* **WHAT THIS TASK INVOLVES**
Begin your transcription at the line containing "- Rechargeable &" and continue it, word for word, to the final line below. Include only those lines and skip the pictures.

Data items:
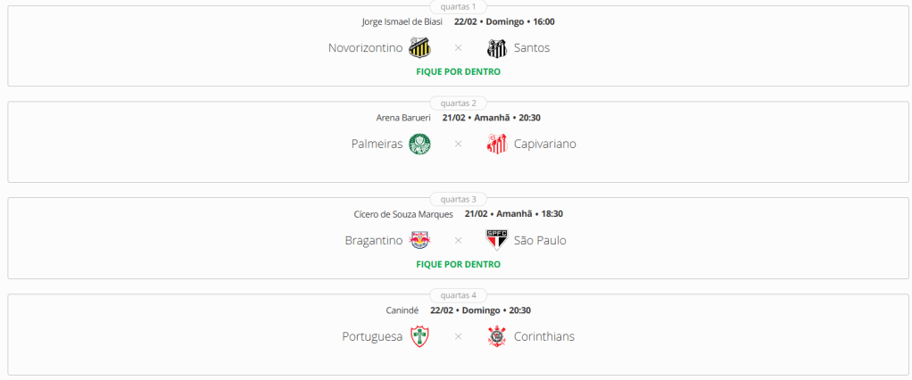 O adversário do time será o Santos, que tem como principal artilheiro Gabriel, que também marcou quatro gols no campeonato até agora. No outro jogo desta fase, Flaco Lopez, que também marcou quatro gols, tentará ajudar o Palmeiras a passar de fase contra o Capivariano, que conta com a dupla Rodolfo e Baianinho (com dois cada no campeonato) para surpreender o alviverde.
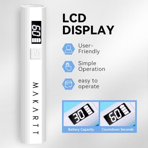 - Rechargeable & LCD Timer Display: The built-in 180mAh battery ensures cordless convenience with USB-C charging. Comes with a digital LCD screen and dual timer settings (30s/60s), letting you easily monitor curing time and battery life for efficient nail work.
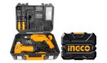 Maleta de herramientas multifunción INGCO HKTHP11081, contiene 108 piezas y dos taladros (uno percutor 680W 13mm y uno inalámbrico 12V Li-Ion con batería y cargador). Ideal para uso hogar, taller y mantenimiento general. Incluye brocas, puntas, destornilladores, llaves, alicates, huincha, tornillos y accesorios en estuche rígido portátil.
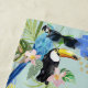 Abstract shapes and squiggles match up with tropical foliage and toucans and parrots. Cheerful colours of aqua, green, hot pink, sunny yellow, and black and white make a multicolored palette.
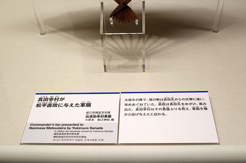 「真田信繁(のぶしげ)/幸村(ゆきむら)」から、大坂冬の陣の際に投げ与えられたと伝わる軍扇。
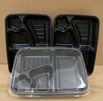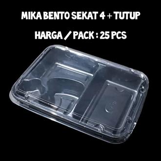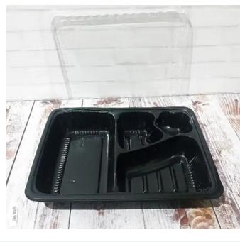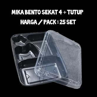Mika Bento Box Sekat 4 Isi 25 Set Tray Bento Mika Lunch Kotak Catering Hitam 25set

* **EXERCISE RESULT**
 - Rechargeable & LCD Timer Display: The built-in 180mAh battery ensures cordless convenience with USB-C charging. Comes with a digital LCD screen and dual timer settings (30s/60s), letting you easily monitor curing time and battery life for efficient nail work.
 Maleta de herramientas multifunción INGCO HKTHP11081, contiene 108 piezas y dos taladros (uno percutor 680W 13mm y uno inalámbrico 12V Li-Ion con batería y cargador). Ideal para uso hogar, taller y mantenimiento general. Incluye brocas, puntas, destornilladores, llaves, alicates, huincha, tornillos y accesorios en estuche rígido portátil.
 Abstract shapes and squiggles match up with tropical foliage and toucans and parrots. Cheerful colours of aqua, green, hot pink, sunny yellow, and black and white make a multicolored palette.
 「真田信繁(のぶしげ)/幸村(ゆきむら)」から、大坂冬の陣の際に投げ与えられたと伝わる軍扇。
Mika Bento Box Sekat 4 Isi 25 Set Tray Bento Mika Lunch Kotak Catering Hitam 25set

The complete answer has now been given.